Were Enriquez-Acosta, Hutton, Rainsberger, Dunn, Carrese, Mayhew, Yount, and Colter the only beneficiaries of their race strategies? Well, no, but they were the primary beneficiaries. The counts of exceptional times this year versus previous years depends a little on what you define as exceptional times, but certainly the counts of sub-2 800s and sub-2:15 800s from state this year don't exceed any precedents.

Those who tried to stay close, who kept themselves in the wake without torching themselves in the process, might fairly be labelled as beneficiaries of the champion's strategies. These people probably did log better times than they would have in other state meets with different sets of circumstances.

For these people, the biggest benefit may have been that they didn't end up sitting patiently on the shoulder of the presumed most dangerous runner (and be sure that each of the record-breaking races had a presumed most dangerous runner). Thus they would have spared themselves the indignity of becoming the sacrificial lamb when the favorite decided to take over but lost a precious second or two or three waiting for the ultimate winner's strategy to play out. Instead, they had the benefit of being able to take things out at their own best pace. In this fashion, these individuals could "draft" off the decisive early strategies of the individuals with record-breaking on their minds rather than defaulting to tucking in behind the stratagems of the presumed most dangerous runner in the field.

What seems most different about this year is the count of athletes who toed the starting line of their 800s with the thought of a record coursing through their mind. That, certainly, set the stage for what followed, but it's also true that the complex of events while the 800s were being contested did nothing to hinder those efforts.

On another day, and without the cooperating complex of conditions, the records likely would not have fallen like rain.

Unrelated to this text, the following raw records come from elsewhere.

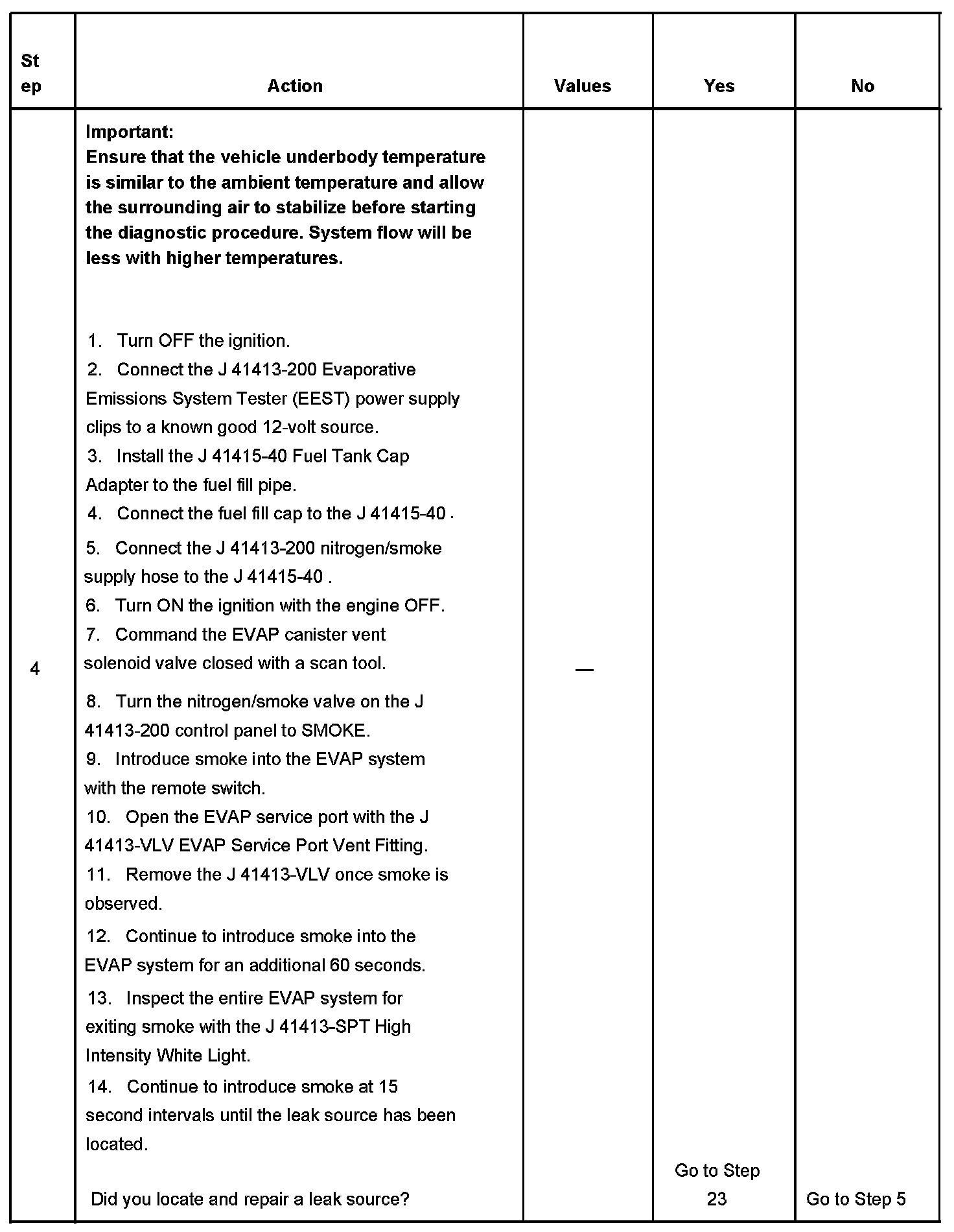 - To help locate intermittent leaks, use the J 41413-200 Evaporative Emissions System Tester (EEST) to introduce smoke into the EVAP system. Move all EVAP components while observing smoke with the J 41413-SPT High Intensity White Light.
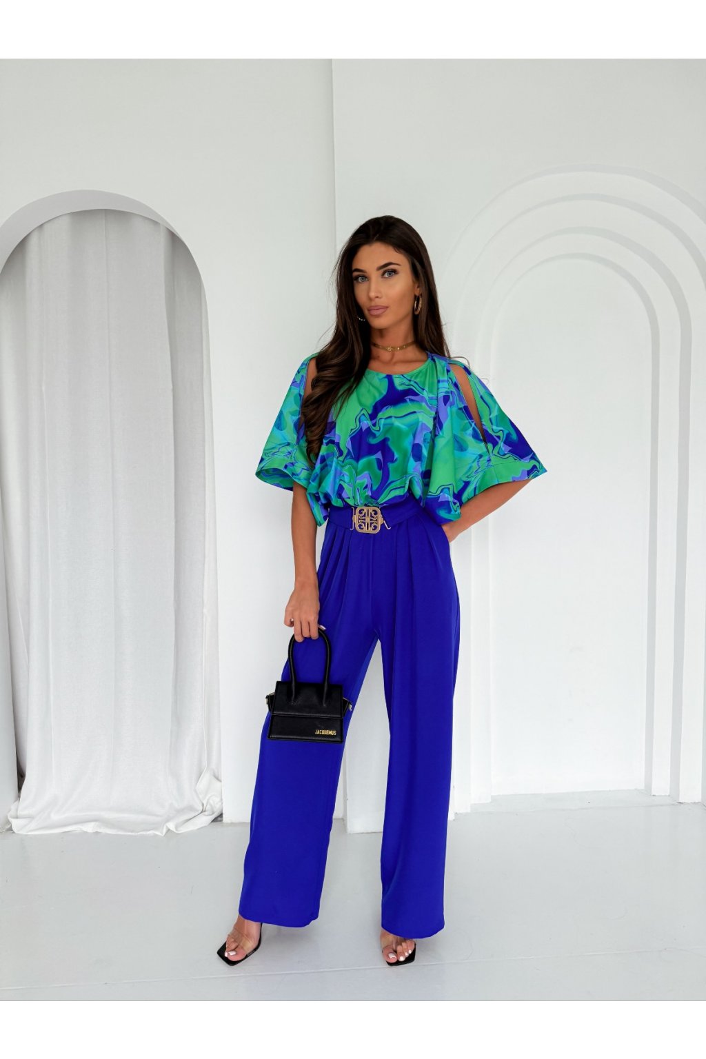 Buď jedinečná a trendy! Tento výnimočný kúsok ti to zabezpečí nielen na spoločenskej udalosti ale aj cez bežný deň, Vrch overalu má voľné rukávy, ktoré sú na boku prestrihnuté. Overal je v páse na gumičku, takže sa krásne prispôsobí. Na chrbte sa zapína na gombík. Má vrecká. Je doplnený opaskom, ktorý má zlatú pracku.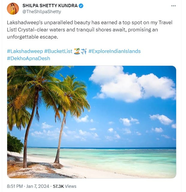 Taking to X, actor Shilpa Shetty Kundra wrote, “Lakshadweep’s unparalleled beauty has earned a top spot on my Travel List! Crystal-clear waters and tranquil shores await, promising an unforgettable escape. #Lakshadweep #BucketList #ExploreIndianIslands #DekhoApnaDesh.”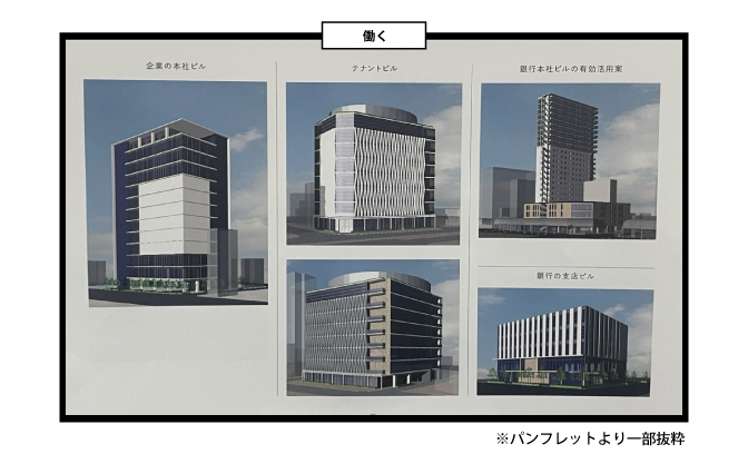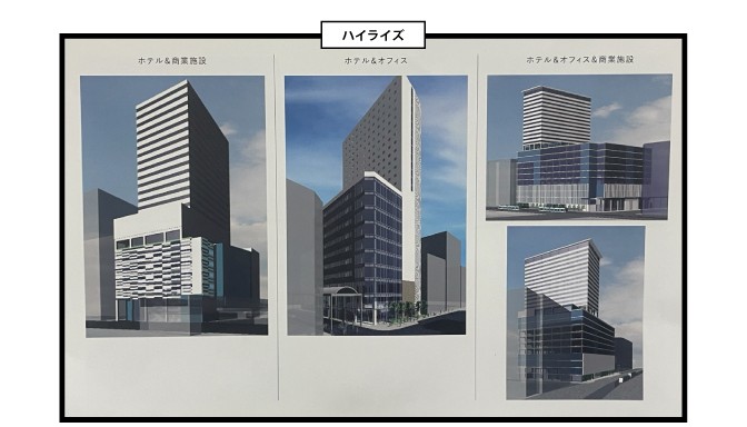同じ土地でも「オフィスビルなら」「マンションなら」「ホテルなら」と異なる提案をすることで、クライアントの選択肢を広げます。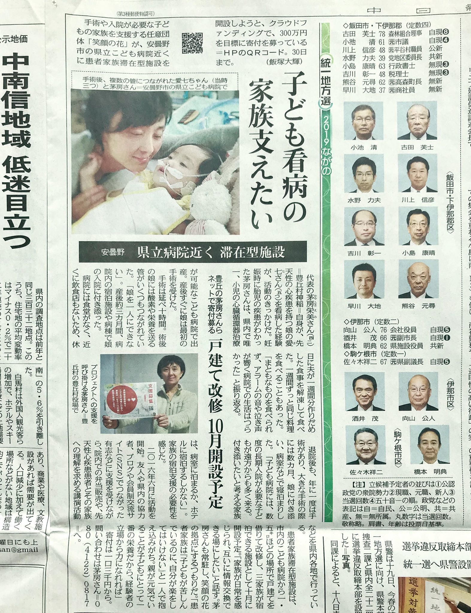 長野県立こども病院のある安曇野地の皆様と共に笑顔の花 御礼とご報告の会を開いて頂きました。とても素晴らしい未来の見える会となりました。ご縁いただきました皆様に心から感謝です。貴重なお時間をいただきありがとうございました。志し高き、お一人おひとり各分野のプロフェッショナルの皆様の力が集結これから目指す各事業ごとリーダーを決めさせていただき組織と基盤づくりを整えて行く流れを・・・・お導きいただきました。 有難うございます。 社会課題をひとつひとつ解決しながら喜びが笑顔が、倍に倍に膨らんでゆく 夢やヴィジョンを共有し愛と貢献と現実に生きる 想いを行動に互いに応援し助け合いながら其々の夢や希望を叶える素敵な未来の成長と拡大にワクワク感謝いっぱいです。 信州安曇野から日本全国〜世界に喜びと笑顔の花が咲き誇りますように。 ・・・・・・・・・・・・・・・ 本日の報告を情報共有させていただきます。事業展開等は、後ほどご報告致します。 【 法人化の流れ、理事の予定者 】 5月一般社団設立代表理事:茅房 栄美 理事:矢野 博 【 クラウドファンディングの最終金額 】 総合計:5,800,691 円 支援者647人 予算配分:CF手数料14% 540,405円 リターン:500,000円 改修費用:1,500,000円〜設備充実:1,000,000円〜家賃・敷金:895,100円/年 その他、管理・運営費に充てさせていただきます。 【 笑顔の花 活動 今後のスケジュール 】 6月:心臓病と共に生きる講演会7月:管理人移住8月:改修工事開始9月:各事業の仕組化 10月:患者家族滞在施設の開所 笑顔の花にピッタリの!美しいお花をありがとうございました。胸がいっぱいになり帰宅途中・・・感動の涙が溢れ出てきました。 生かされる「命」支え合い助け合いの循環、人とのご縁心と心の繋がり、ありがとうございます。
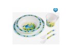 Kojenecké láhve, hrníčky, misky, plastové talíře, kojenecké příbory, bryndáky - vše nezbytné pro pohodové krmení dítěte.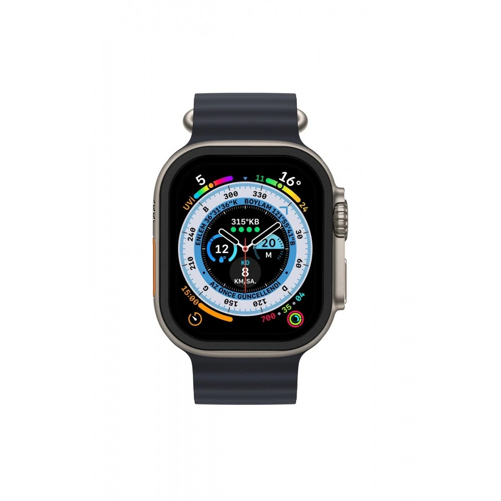Apple Watch Ultra 49mm Camlı Kasa Ekran Koruyucu - Siyah-(5796)

Nobody ran faster on May 15 than they were capable of running. If you stop and think about it, that whole idea is just nonsense. Nobody ever runs faster than they are capable of running, no matter what the race. But, it is true that the complex of the day's events surrounding the 800s allowed several people to run a lot closer to the full extent of their capability than we might even normally expect to see at most state meets.

And, there is a happy little footnote to add to this story. For all those who've wondered what it would be like if Blake Yount and William Mayhew ever actually got to race each other instead of running in separate races, you get to stop wondering on June 20.

We have to allow for a few more parties in the mix, but we should get an answer to that question when Yount and Mayhew toe the line for the Brooks PR 800 in Seattle. Oh, yes, and Jordyn Colter will be running in the girls 800 at that event, too.

Perhaps then we will see a brief reprise of the storm of records.